2.3. Electrochemical Tests
A sample was placed in an electrochemical cell with three electrodes for the electrochemical tests: the samples acted as the working electrodes, a saturated calomel electrode served as the reference electrode, and a platinum electrode acted as the counter electrode. The area of each sample was determined to run the tests. The mmol/L values of the Grifols Laboratories’ (Barcelona, Spain) Ringer solution were as follows: Na+ 129.9, Cl− 111.7, C3H5O3 27.2, K+ 5.4, and Ca2+ 1.8.

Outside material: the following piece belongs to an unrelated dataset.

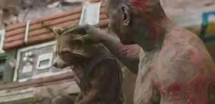 《银河护卫队》中小绿人饰演的火箭浣熊

Corrosion Potential, Corrosion Rate, and Electrochemical Impedance Spectroscopy were performed by applying the BioLogic Essential SP-150 potentiostat (Seyssinet-Pariset, France). The tests were performed at 25 °C in aerated Ringer solution.

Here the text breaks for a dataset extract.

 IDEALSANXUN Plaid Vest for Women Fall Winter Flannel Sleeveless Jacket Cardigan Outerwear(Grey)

2.3.1. Corrosion Potential (Ecorr)
Applying the “Ecorr vs. Time” approach found in the Ec-Lab program, the 24 h corrosion potential of each sample was determined. Potential readings were taken every 300 s or every time there was a 100 mV change in potential. The collected data were analyzed, and a potential versus time graph was created.
2.3.2. Corrosion Rate (Vcorr)
The “Linear Polarization” approach was selected to carry out these experiments [
28], and the sample surface area value and the 20 min test period were entered to verify its viability. With data taken every 0.50 s, the potential scanning revealed a 0.167 mV/s time-variation relationship from −0.025 to 0.025 V against open circuit potential (OCP) and intensity maintained at 100 % during the potential scanning [
29]. Following the presentation of these linear polarization curves, EC-Lab’s “Tafel Fit” approach was used to obtain the corrosion rate estimates for each sample.

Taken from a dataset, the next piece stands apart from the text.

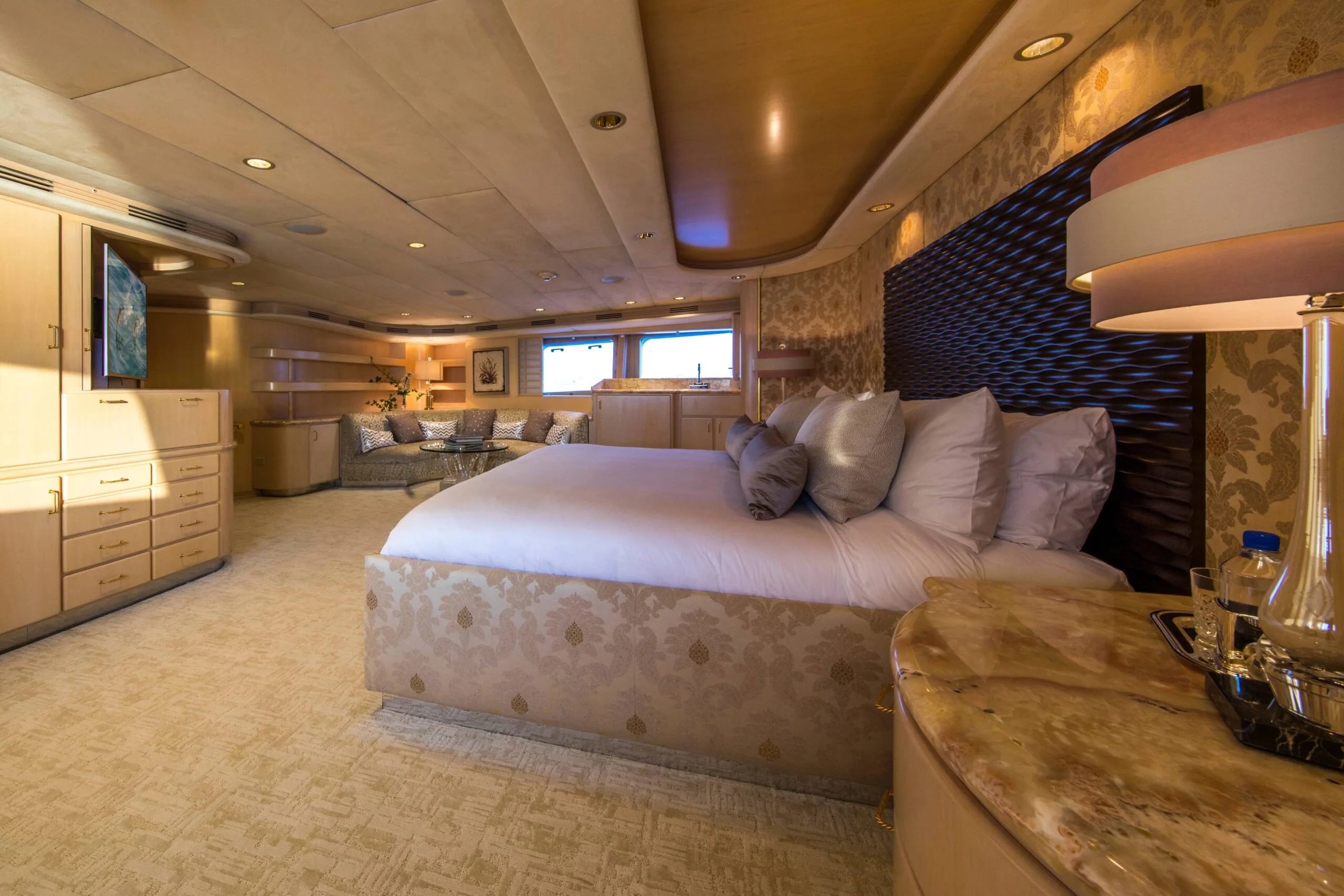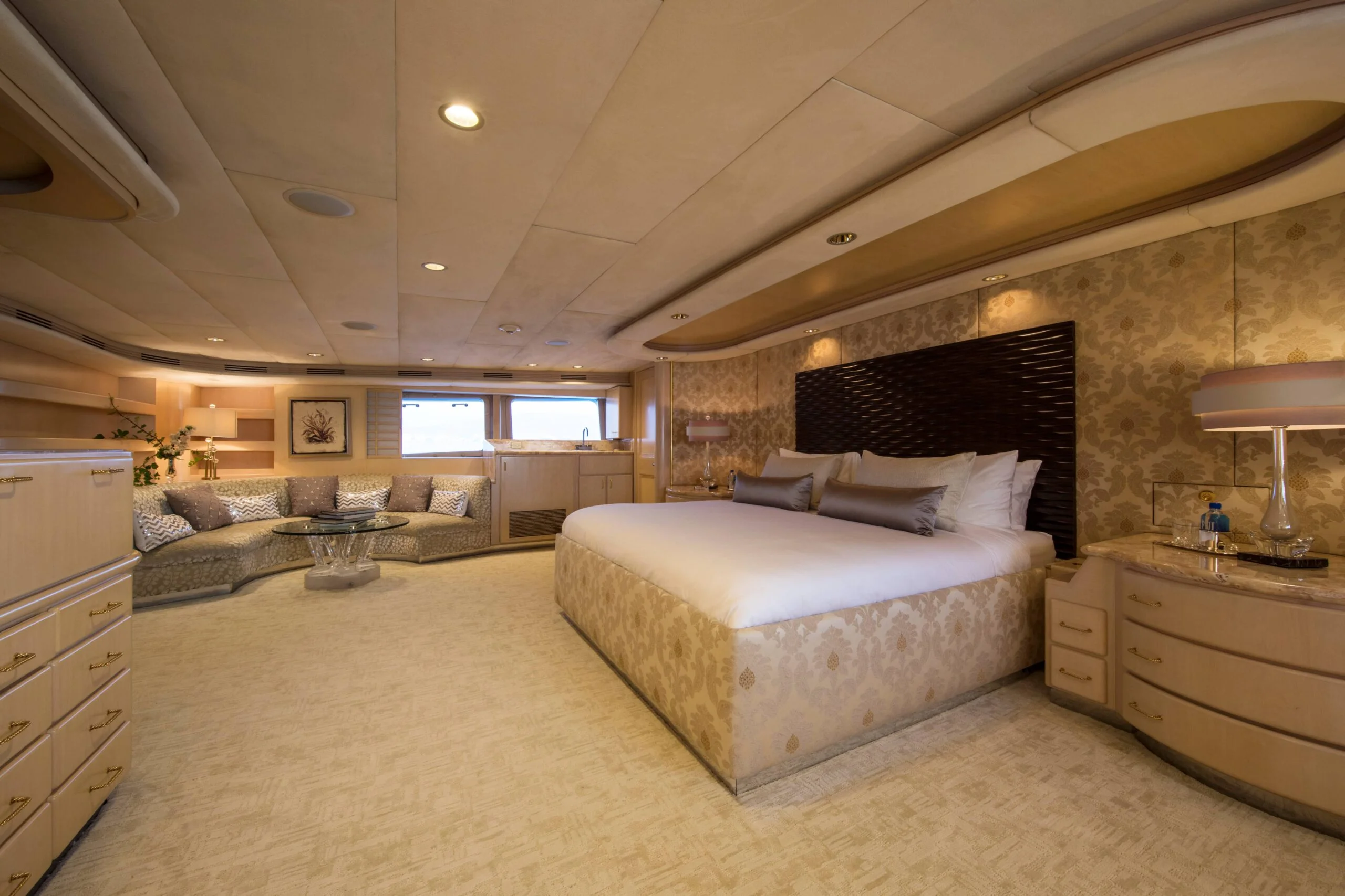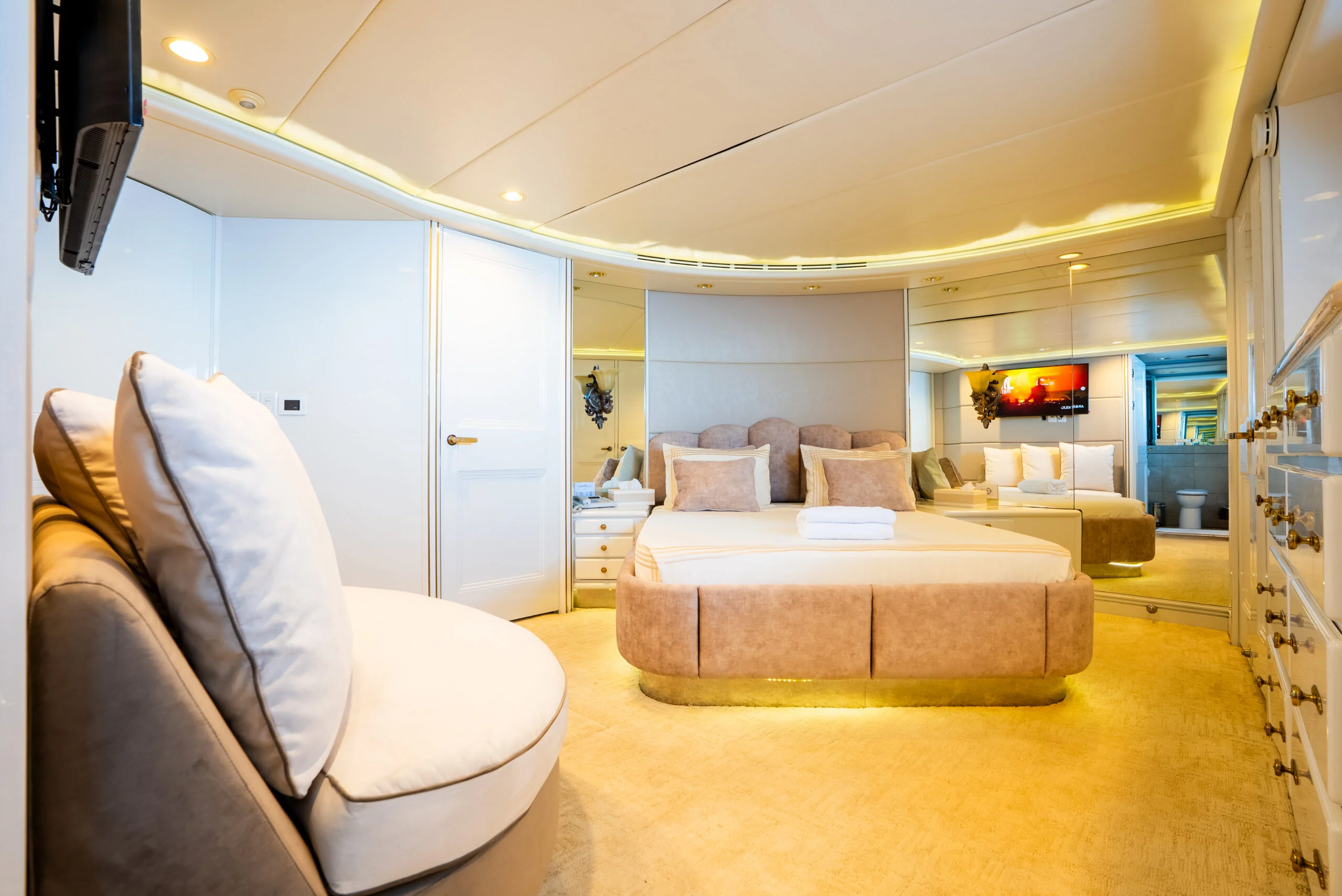 Elegant sofa seating in the luxurious yacht bedroom

2.3.3. Electrochemical Impedance Spectroscopy (EIS)
The AC impedance measurements were recorded with an AC potential amplitude of 20 mV and single sine wave measurements were conducted at frequencies between 10
−1 and 2 × 10
−5 Hz. To analyze the characteristics of the oxide film, the impedance spectra were recorded at 7 different DC potentials around corrosion potential, in the range E
corr ± 300 mV, with a 100 mV step from E
corr, permitting the system to stabilize for 5 min at each potential. To represent these data, Nyquist and Bode diagrams were utilized, and for their simulation, equivalent circuits (EC) were employed [
30].
2.4. Three-Point Bending Test
The Bose ElectroForce
® 3100 machine (Framingham, MA, USA) was used to perform the three-point bending method; it complies with ISO 7438:2020 [
31] and has a 20 N force resistance limit.
In order to realize this methodology, each rectangular cross-section specimen was positioned at the extremities of the bottom shank of the testing apparatus, with a distance between supports ranging from 7.80 to 10.63 mm depending on the specimen length. During the experiment, the specimen was loaded vertically while moving at a 3 mm/s linear speed at its center until it reached its yield stress or broke. The obtained values of the applied force against the displacement of the samples were plotted, and their slope was calculated to establish the modulus of elasticity.
2.5. Microhardness Test
Using the Future Tech FM-810 hardness tester (Kawasaki, Japan), for each sample’s applied load, in this case 5, 25, and 50 gf, 10 measurements were taken, in accordance with ISO 14577-1:2015 [
32]. The mark may contain fragments of many phases as the stress rises, providing an approximation of the material’s total hardness. When relatively light weights are placed, it is likely that the mark will only be discovered in one phase, allowing the hardness of that phase to be assessed. The Vickers microhardness values were then computed automatically by the iVicky software (v2.0, Sinowon, Dongguan, China) using the observed diagonal lengths. The number of indents created was plotted against the scan length.